Work request:
Every record gets copied exactly, and no picture goes with it.

++++ Data shown

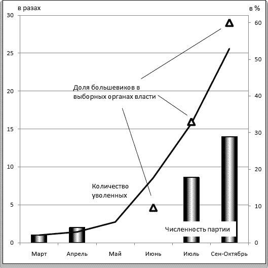Диаграмма № 4. Рост количества: уволенных рабочих[154] и численности партии большевиков[155] (по отношению к марту), в разах; доля большевиков в центральных выборных органах власти в 1917 г., в %[156]
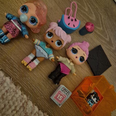 L.O.L. Surprise nuket ja tarvikkeet. Pakettiin kuuluu useita pieniä L.O.L. Surprise -nukkeja sekä erilaisia lisävarusteita, kuten juomapulloja, ruokatarvikkeita, pieniä asusteita ja kortteja. Mukana on myös neljä avattavaa kuljetuskapselia/nukkekaappia, joissa nuket voidaan säilyttää tai asettaa esille.
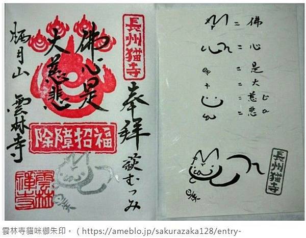 雲林寺貓咪御朱印。(https://ameblo.jp/sakurazaka128/entry-12088379252.html)
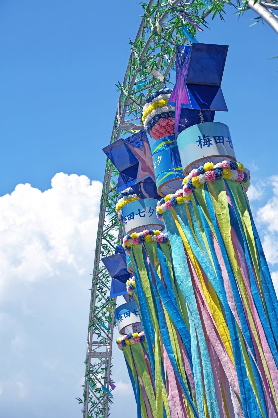 「東北三大祭り」の1つである「仙台七夕祭り」の感動をここ梅田でも味わっていただきたいという思いで始まった梅田七夕は、毎年6月から「仙台七夕」の開催日(8/6-7-8)まで新梅田シティを彩ります。
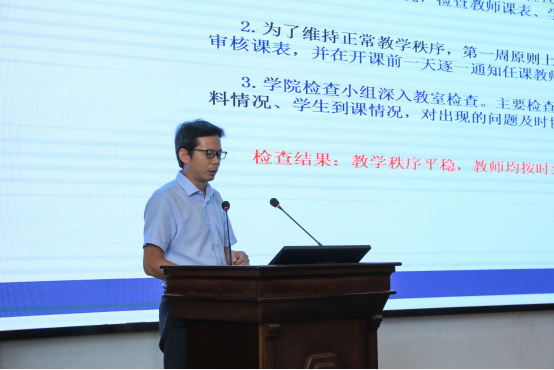 黄向阳副院长围绕近期教学工作,指出本学期要重点推进一流学科建设、加强学生尤其是大一新生专业认知教育,不断引导学生提高创业创新精神,增强实践能力,同时进一步推动与省内外高校的科研教育合作。黄院长还强调全体教职工要不断加强师德师风学习,做一名合格的大学教师。
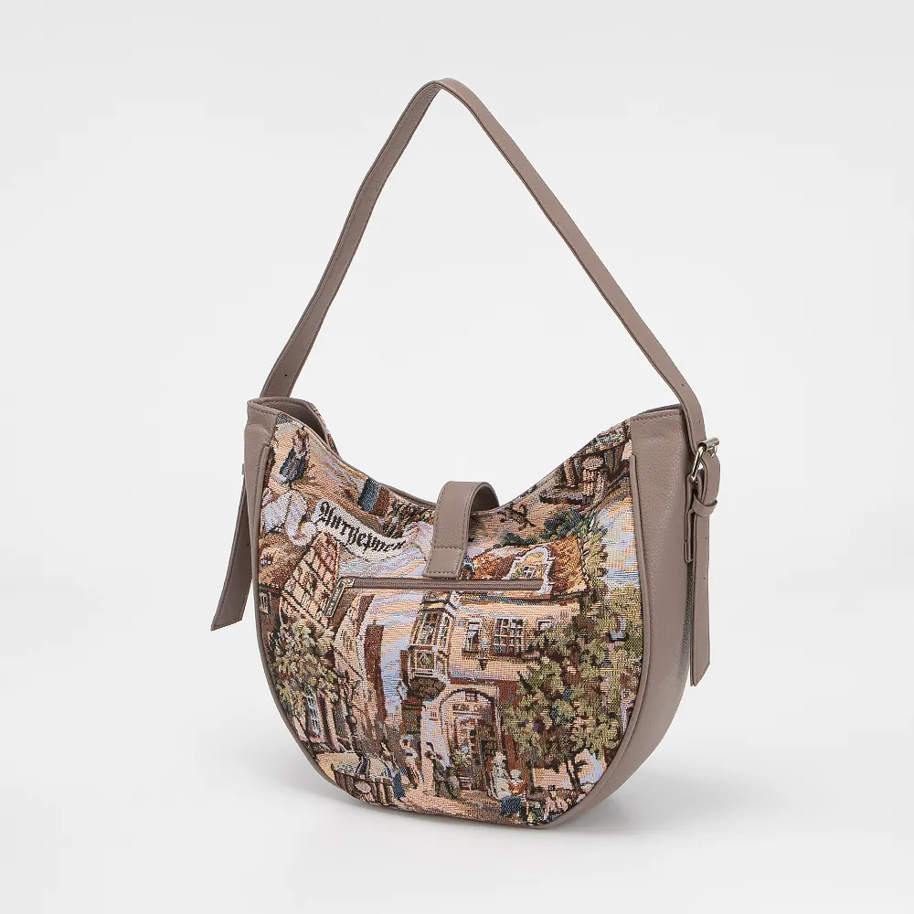 Сумка от торговой марки Passo Avanti из текстильного материала в сочетании с искусственной кожей кофейного цвета. Модель с удлиненной ручкой. Отделение на молнии, дополнительно закрывается хлястиком на повортоном замке. Внутри: текстильная подкладка, накладной карман, карман на молнии. На задней стороне - карман на молнии.

++++++++

Final answer:
Диаграмма № 4. Рост количества: уволенных рабочих[154] и численности партии большевиков[155] (по отношению к марту), в разах; доля большевиков в центральных выборных органах власти в 1917 г., в %[156]
 L.O.L. Surprise nuket ja tarvikkeet. Pakettiin kuuluu useita pieniä L.O.L. Surprise -nukkeja sekä erilaisia lisävarusteita, kuten juomapulloja, ruokatarvikkeita, pieniä asusteita ja kortteja. Mukana on myös neljä avattavaa kuljetuskapselia/nukkekaappia, joissa nuket voidaan säilyttää tai asettaa esille.
 雲林寺貓咪御朱印。(https://ameblo.jp/sakurazaka128/entry-12088379252.html)
 「東北三大祭り」の1つである「仙台七夕祭り」の感動をここ梅田でも味わっていただきたいという思いで始まった梅田七夕は、毎年6月から「仙台七夕」の開催日(8/6-7-8)まで新梅田シティを彩ります。
 黄向阳副院长围绕近期教学工作,指出本学期要重点推进一流学科建设、加强学生尤其是大一新生专业认知教育,不断引导学生提高创业创新精神,增强实践能力,同时进一步推动与省内外高校的科研教育合作。黄院长还强调全体教职工要不断加强师德师风学习,做一名合格的大学教师。
 Сумка от торговой марки Passo Avanti из текстильного материала в сочетании с искусственной кожей кофейного цвета. Модель с удлиненной ручкой. Отделение на молнии, дополнительно закрывается хлястиком на повортоном замке. Внутри: текстильная подкладка, накладной карман, карман на молнии. На задней стороне - карман на молнии.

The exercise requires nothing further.